CrystalGrower is a tool to develop a greater understanding of how crystals grow at the nanoscale through simulation of crystal habit and surface topography that, in turn, helps predict and control functionality.

Crystals are used in almost every technology that relies on a solid to provide functionality.  For example, crystals are used in the electronic components in a computer or a laser, all pharmaceutical medicines in solid form, catalysts used in the chemicals industry for almost every chemical transformation, materials used for drug delivery, gas storage, wastewater clean-up and much more.

Most of these crystals are produced synthetically, grown in the laboratory to high degree of purity and perfection.  Consequently, understanding and controlling how the crystals grow is of utmost importance.

CrystalGrower, developed at The University of Manchester, is the first software available capable of simulating how ANY crystal grows at the molecular level. This gives unprecedented insight into the fine details of the growth mechanism and has the potential to help industry and academia better understand and control their crystal growth protocols.

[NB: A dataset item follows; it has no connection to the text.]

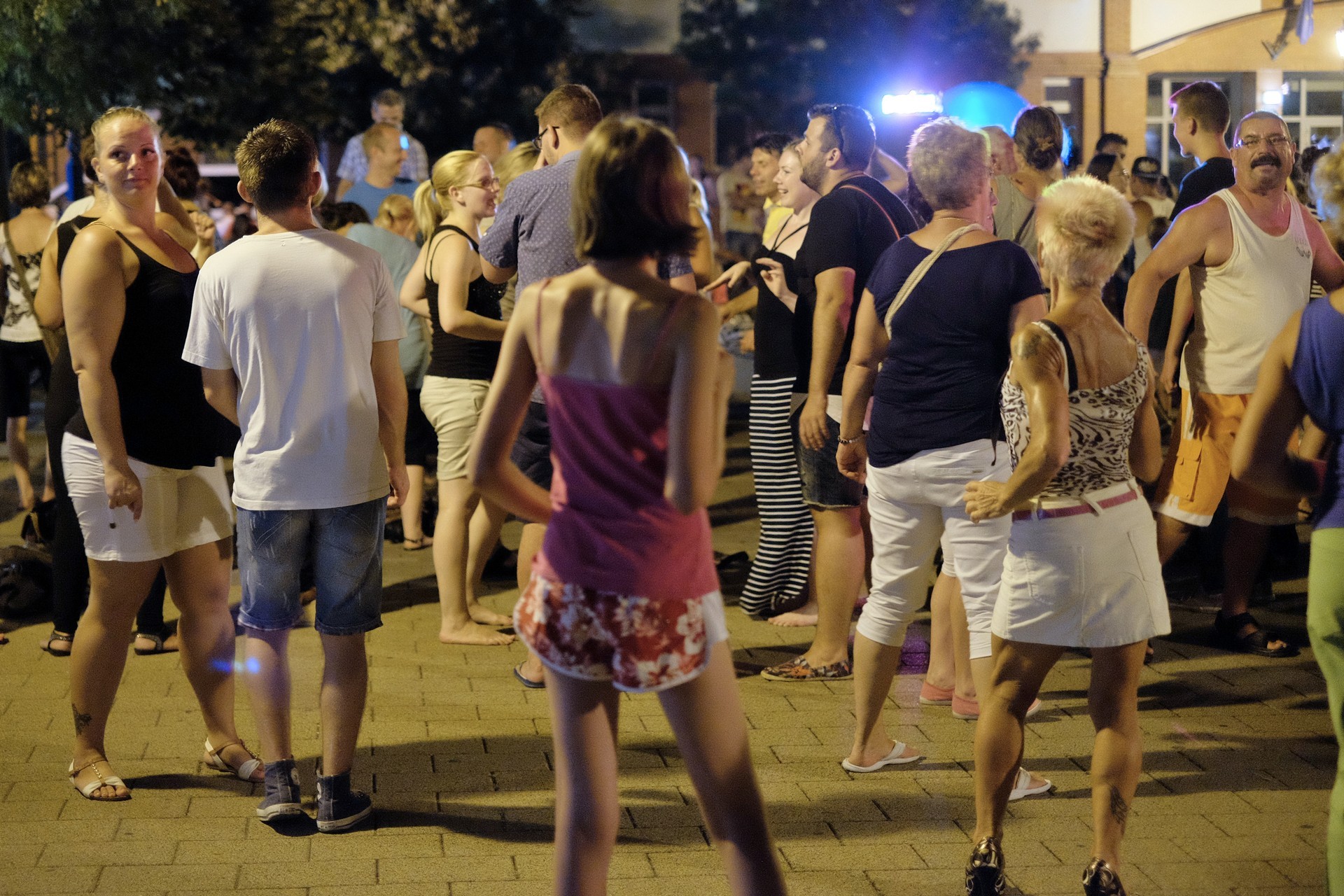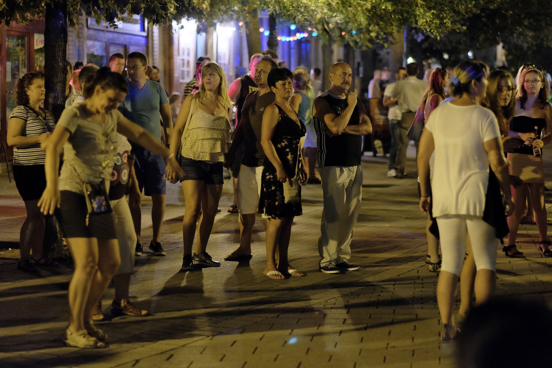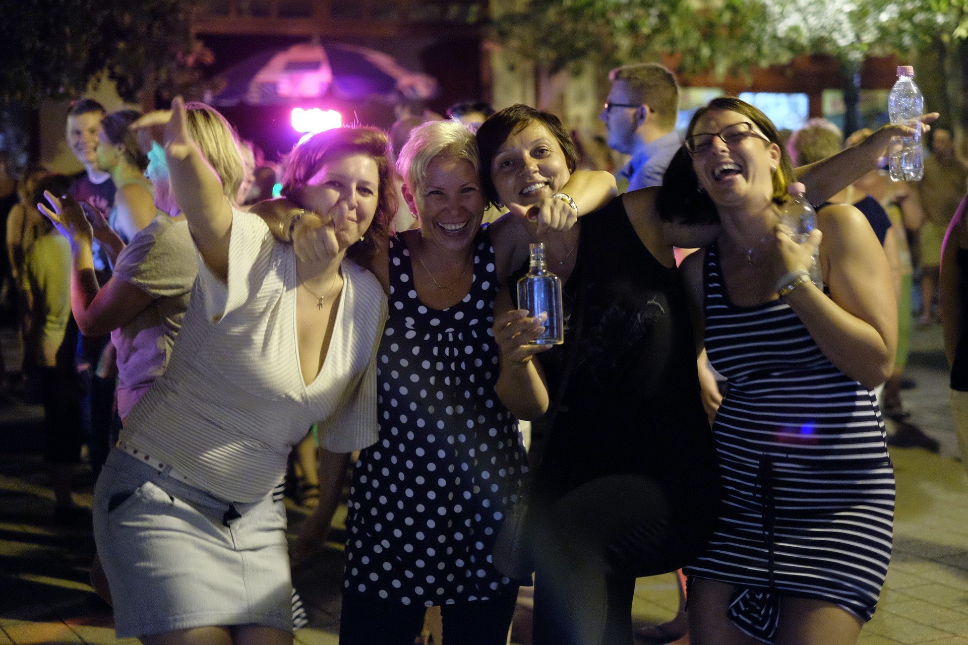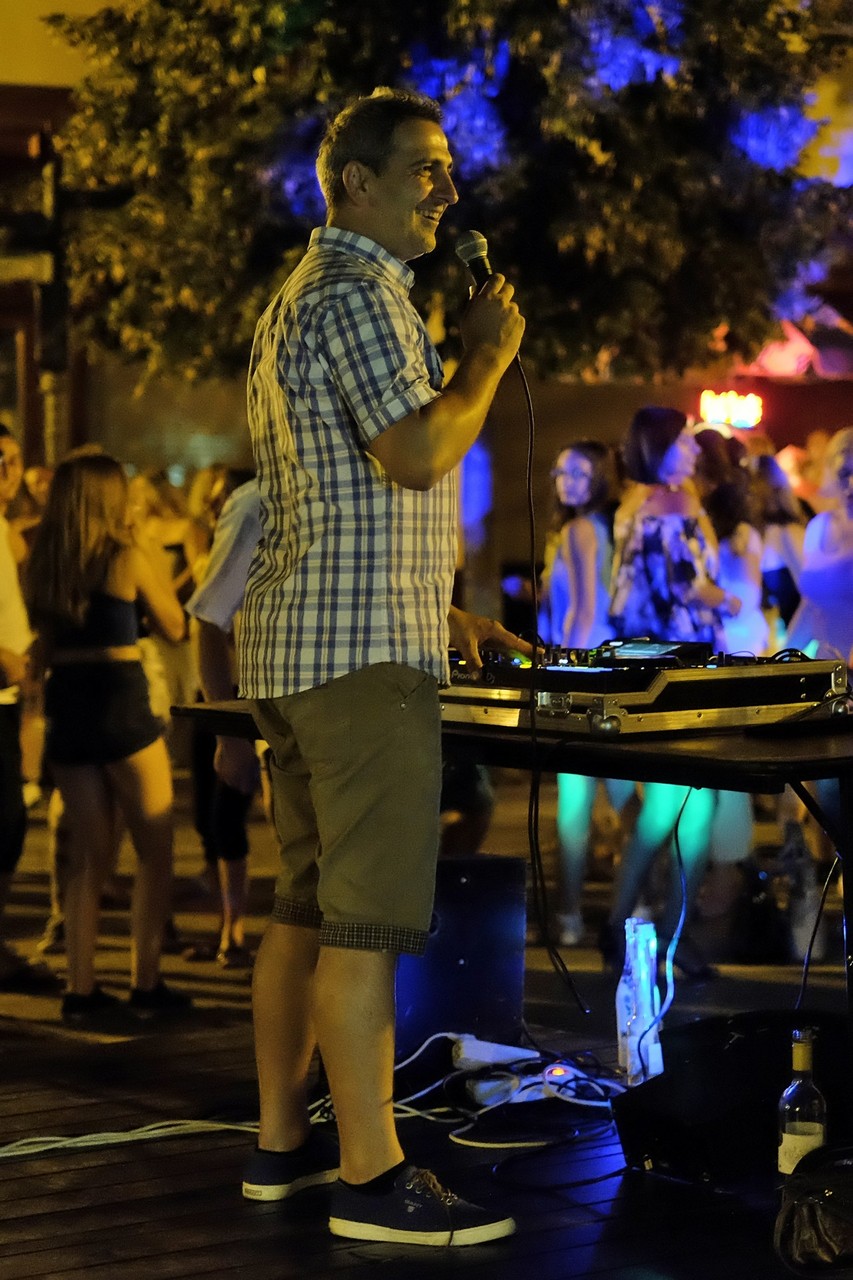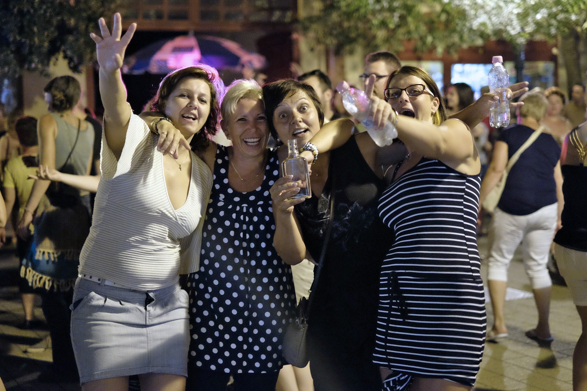A Gyulai Korzó programsorozatában szinte mindenféle szórakoztató zenének helye van, amelyik tapsolásra, vagy táncra bírja a népeket. Augusztus 15-én este a Világóránál az utóbbi volt a cél, slágerparti invitálta mozgásra a táncos lábakat. A sétáló utcán DJ Ravasz, vagyis Ravasz Attila pörgette a lemezeket – vagy pontosabban szólva keverte az MP3-akat –, hogy a ’70-es, ’80-as és ’90-es évek örökzöld slágereivel bírja ugra-bugrára a jelenlévőket. Bár aznap még tartott a harmadfokú hőségriasztás, a kánikula kicsit csendesedett, és egy-két távoli villámlás is riogatta a népeket, de hiába. Aki már belevetette magát a táncba, nem tágított, és ménkűvel sem lehetett elijeszteni a jó hangulatú, „trópusi” utcabuliról.
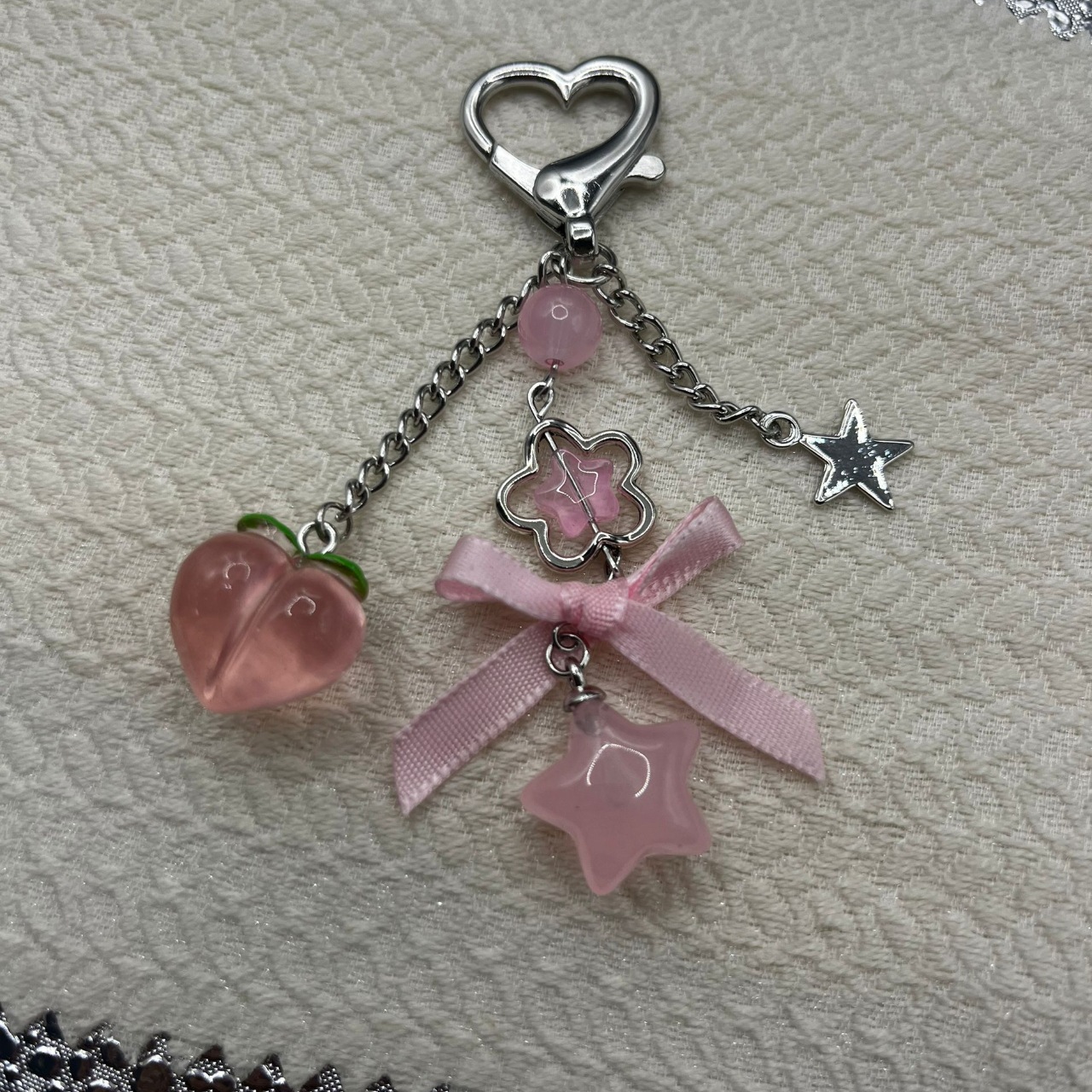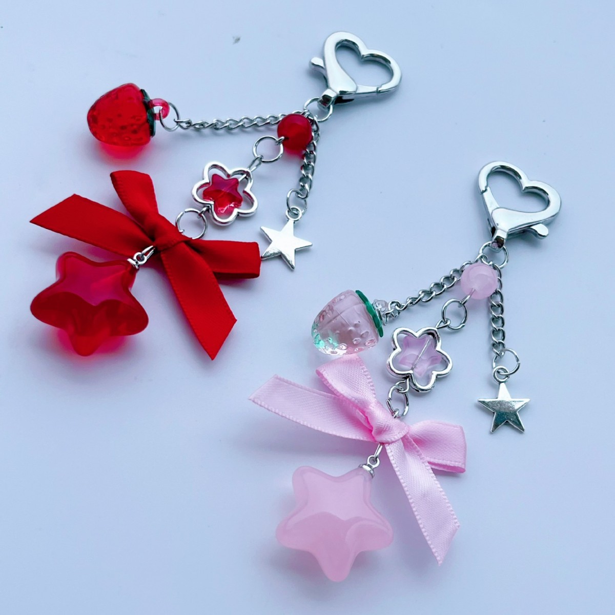 欧米のクロスボーダーの小清新な甘いイチゴの蝶結びのキーホルダーのアイデアinsの花の星はハート型の装飾品を愛します。

Any minor improvement to an industrial process that is producing megatonnes of crystals can be a major cost saving. There is no direct competitor for this methodology at present.

Crystalline material with functionality, such as silicon chips in computers, pharmaceutical medicines or catalysts, relies on the quality of the crystal in order to perform the necessary function.

For example, when you are sold a drug by the pharmaceutical industry, it must not only be pure in order not to cause side effects, but it must also have the correct crystal morphology. This is usually well defined and results from the natural process of growth of the crystal.

When a drug is administered, either orally or intravenously, the solid must dissolve at the correct rate in order to be delivered before it passes out of the body, but the rate of this dissolution depends on the shape of the crystal. Controlling the shape is a very difficult process because the crystal always wants to form in a certain shape and making other, preferable shapes requires intervention at the molecular scale.